Faut-il changer d’alliances, chercher de nouveaux partenaires, trouver des ancrages plus solides et plus bénéfiques ? Le questionnement stratégique se pose à la Tunisie, dans ce nouveau monde qui se façonne. Comment l’aborder ? Qui doit porter cette réflexion globale et la faire aboutir ? Et aurions-nous les moyens de mettre en œuvre les nouvelles orientations ? Autant de questions qui ont bénéficié d’un débat de fond initié par le Centre tunisien des relations internationales (Ctri), présidé par Khemaies Jhinaoui. Une cinquantaine d’experts, triés sur le volet, ont été réunis en conclave, pendant deux jours, mi-novembre dernier, pour réfléchir sur le positionnement stratégique de la Tunisie.

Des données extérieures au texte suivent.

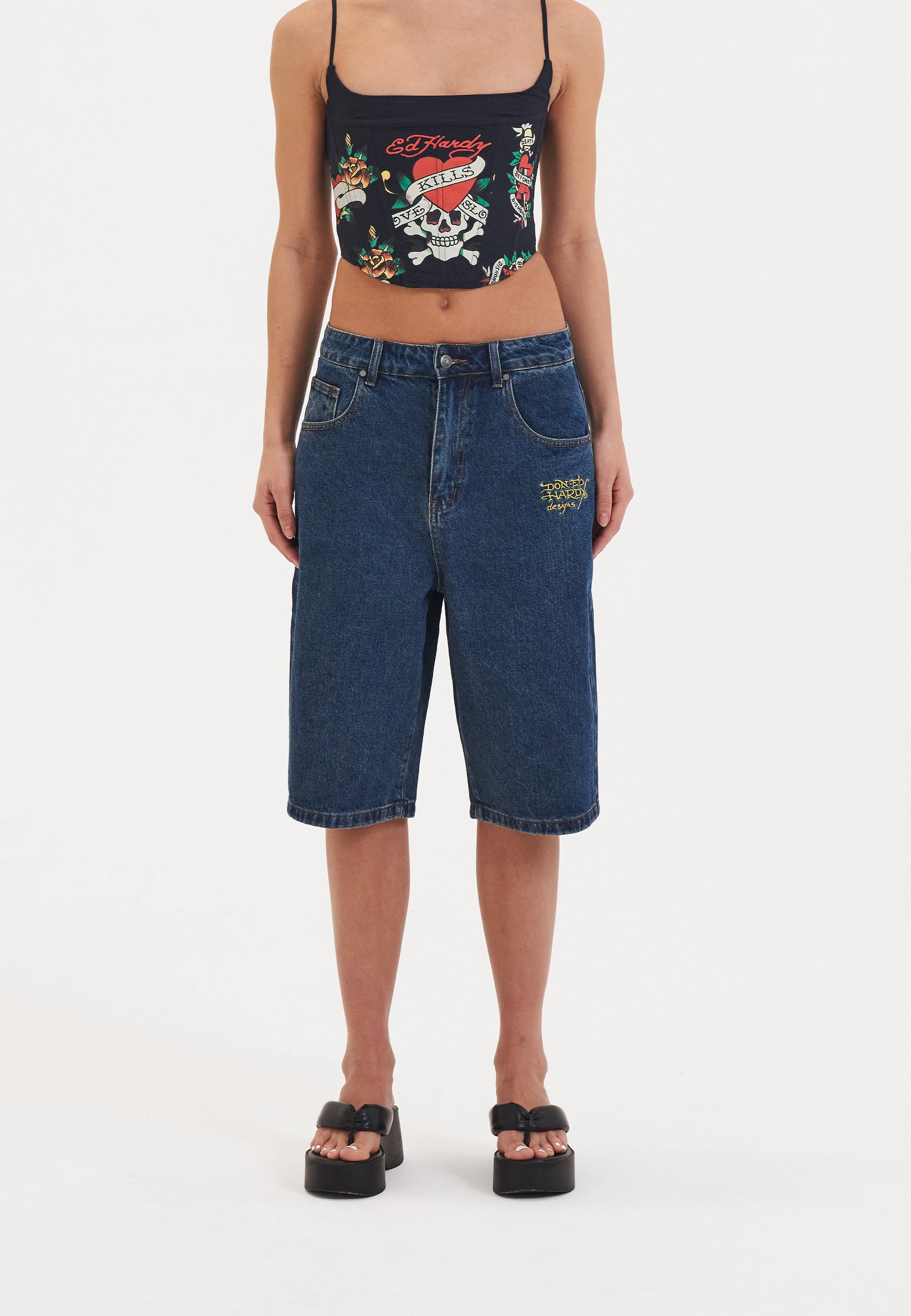 Dame Dragon Crawl Relaxed Denim Jorts Shorts - Indigo

Quatre thèmes ont été retenus pour cette première session appelée à se poursuivre en d’autres éditions sur un an : la géostratégie, l’économie, l’énergie, l’eau et le climat, et la sécurité.

La qualité des participants et leur diversité (économistes, diplomates, chefs d’entreprise, anciens militaires, chercheurs universitaires, etc.) a enrichi les débats. La nécessité d’élaborer une vision globale et de réunir en sa faveur un large consensus s’est imposée en filigrane des différentes interventions. Mais, quelle vision ?

Les constats sont convergents. Jadis à l’avance par rapport à tous les pays du Maghreb, la Tunisie n’y est plus. L’indépendance et le développement avaient constitué, sous l’impulsion de Bourguiba, les déterminants, plébiscités, de son positionnement initial marqué par une alliance totale avec les Etats-Unis d’Amérique et des positions sur la question palestinienne, différent de celui d’autres pays arabes. Ben Ali maintiendra le même cap avant de céder à la gestion de dissidences intérieures. La Tunisie sera à la Une en 2011. Mais son dividende démocratique finira par s’éroder. Le pays, tiraillé de toutes parts, semble fatigué, montrant une incapacité à mettre de l’ordre dans ses finances, et donnant l’impression que la démocratie n’est pas faite pour les pays arabes.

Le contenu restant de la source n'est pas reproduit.